📅 Through October 25, 2026
🕓 10 a.m.-5 p.m. Friday-Sunday; Thursdays 10 a.m.–7 p.m.
📍 Henry Art Gallery: 15th Ave NE & NE 41st St. (UW campus)
💰 Free
Eric-Paul Riege’s “ojo|-|ólǫ́”(pronounced oh-ho hol-ohn) at the Henry is the kind of exhibition that slips in and out of your grasp, in the best possible way. One moment, you’re watching the Diné artist parody late-night TV salesmanship in “iZiiT [3]: RIEGE Jewelry + Supply [as seen on tv],” flamboyantly pitching tiny plush sheep with gestures that call to mind the flashiest QVC salesperson. The next, you’re standing before towering soft sculptures that feel ceremonial, uncanny, glamorous and occasionally faintly ominous all at once.
That dizzying layering is part of the point. Whether it’s in hanging sculptures studded with shells, silver and hair, a poem painted directly on the wall or his mesmerizing video installations, Riege constantly pushes viewers to question what they’re looking at, and why they’re interpreting it the way they are. His work blends Diné weaving traditions with internet aesthetics, queer club culture, colonialist critique, fashion, performance and satire into something that feels deliberately (and joyfully) resistant to easy categorization.

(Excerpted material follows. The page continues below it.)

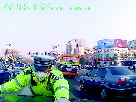 当时执勤的一位魏姓民警介绍,7日下午2点30分左右,他和几位同事在聊城市人民医院岗执勤时,在路口发现一辆自西向东的越野车有套牌嫌疑,立即上前进行查纠。当他们走到车前方的时候,越野车突然向后倒车,企图转弯逃走。
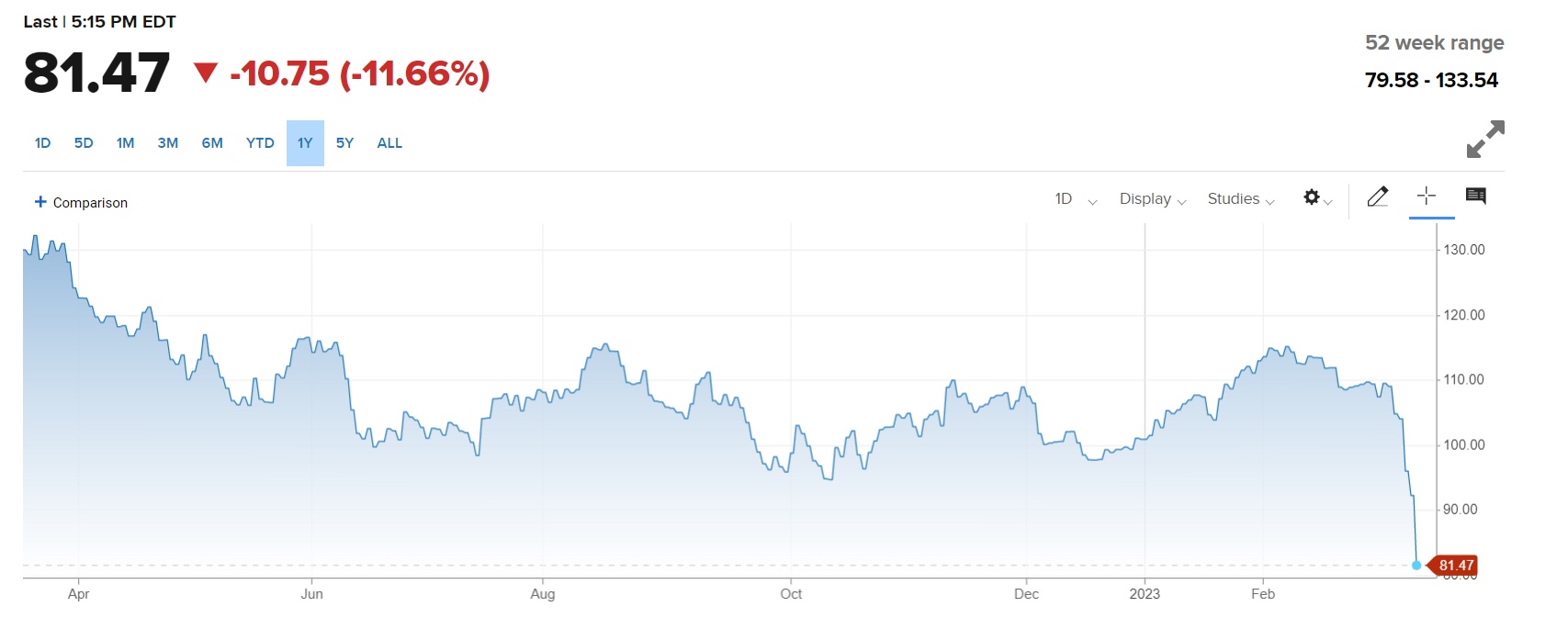 包括摩根大通(JPM.US)、高盛(GS.US)和富国银行(WFC.US)等国际金融巨头在内的KBW银行指数在周一暴跌近12%,创下2020年3月以来最大跌幅。其中,花旗集团(C.US)和富国银行股价跌幅超过7%,美国银行(BAC.US)跌幅接近6%。市值如此庞大的这些华尔街超级商业银行巨头股价跌幅巨大实属罕见,由此可见市场对于美国银行业流动性风险的担忧情绪仍然非常浓厚。

There’s humor here (even the most charcoal-black get-up in the video installation seems to contain a wink), but also real emotional and historical weight. Throughout the exhibition, Riege probes questions of authenticity, museum collecting practices and the blurry line between “real” and “fake.” Yet “ojo|-|ółǫ́” never feels didactic. Instead, it unfolds like an elaborate visual collage: playful, haunted and richly alive.